CHANG: Wow. I mean, it seems kind of weird that Musk would break off this huge deal based on the number of bots. Like, is there more to it than that in real life?

BOND: Yeah. And, I mean, almost since this deal was announced back in April, when – remember, one of the things he said about buying Twitter was that he wanted to clean up the spam and bot problem.

CHANG: Yeah.

BOND: Musk has hinted, if not just come out and said outright, that he has cold feet about this deal. And bots really are only part of it. It seems pretty clear at this point. Back in April, Musk agreed to pay $54.20 a share for Twitter, and that seemed like maybe a low price at the time. Twitter had been trading much higher just a year ago. But since then, the market has tanked. Tech stocks, including Twitter, are way down, and that has fueled speculation that Musk may feel like he’s now overpaying for the company. And he even said back in May he might try to cut the price he’s going to pay. But what he’s made clear today is he doesn’t want to buy Twitter at all.

CHANG: So what’s the response from Twitter?

BOND: Well, the company’s board chair, Bret Taylor, tweeted almost right away that Twitter is committed to closing the deal on the terms and at the price agreed and that it is going to take Musk to court to do so. And legal experts I spoke with say Twitter has a strong case. The legal agreement Musk signed says Twitter can take Musk to court – they can sue him to try to force him to complete the deal as long as his financing is in place. There’s also a provision in this agreement calling for Musk to pay a billion-dollar breakup fee…

CHANG: (Laughter).

BOND: …To Twitter if he walks away, you know, without a very sort of limited amount of reasons. But the experts I spoke to said, look, he could be on the hook for a lot more money if a court finds that actually he’s the one that’s breached the obligations…

CHANG: Yeah.

BOND: …In this agreement.

CHANG: Yeah. OK. So legally speaking, it sounds like Twitter has a good case. But what does this kind of news do to the company?

BOND: Yeah.

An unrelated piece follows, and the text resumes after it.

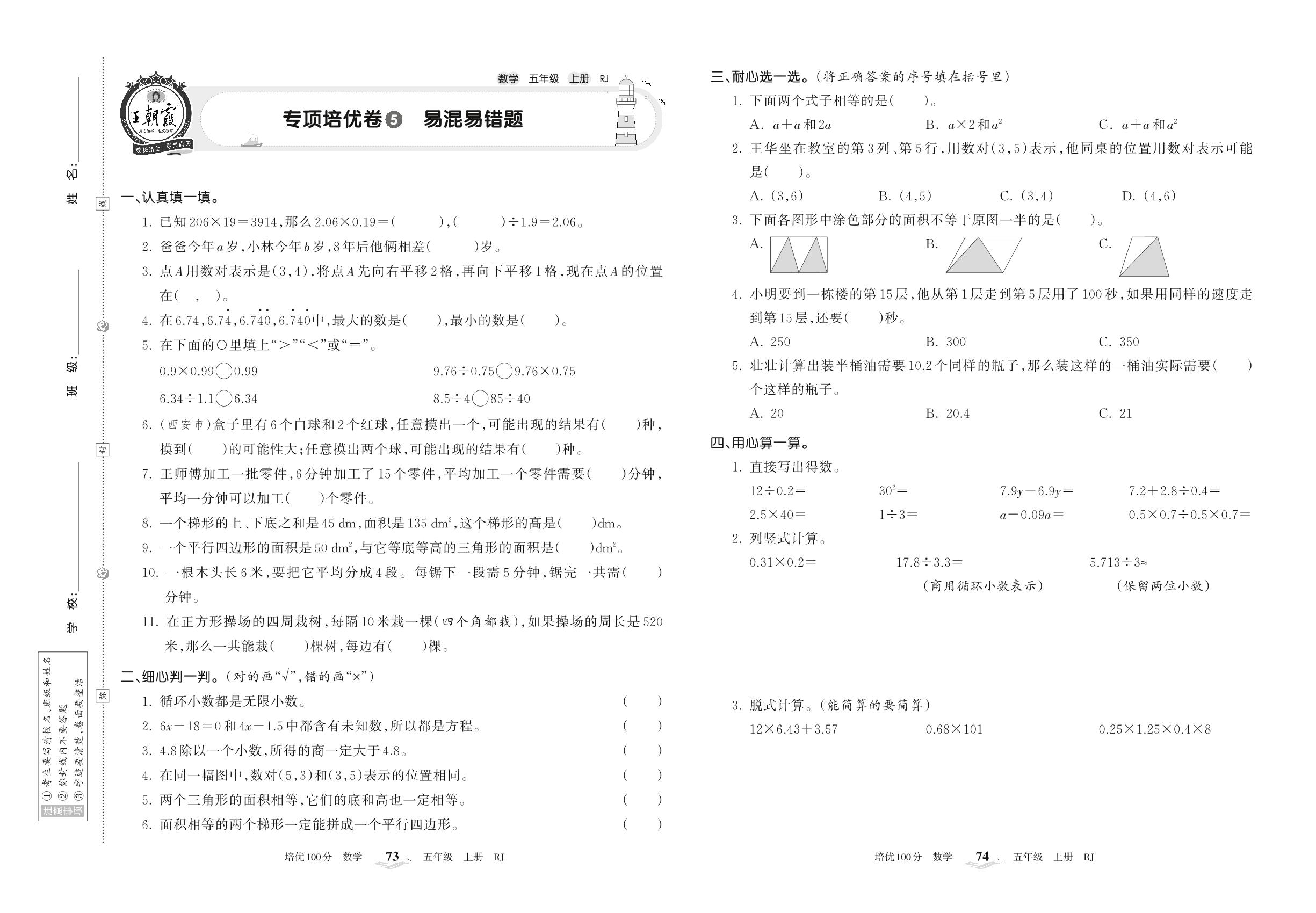 2022上册五年级数学人教版 专项培优卷5 易混易错题

I mean, it is going to be a protracted battle if it does go to court. It would go to court in Delaware. And, you know, that’s just going to create a lot of uncertainty for the company and for employees who are already feeling very uncertain. You know, there’s this big cloud hanging over with this – all of the antics around this deal, all of the uncertainty. You know, there’s a hiring freeze in place. There are spending cuts. The CEO has already shaken up the top ranks. Employees are leaving. And I think a lengthy, protracted, expensive legal battle – even if Twitter prevails – you know, might leave the company even more damaged than it was to begin with. And so there are some real questions here about, you know, whether or not Musk ends up owning the company, what is the state Twitter is left in after this entire saga concludes?

CHANG: Yeah. That is NPR’s Shannon Bond. Thank you so much, Shannon.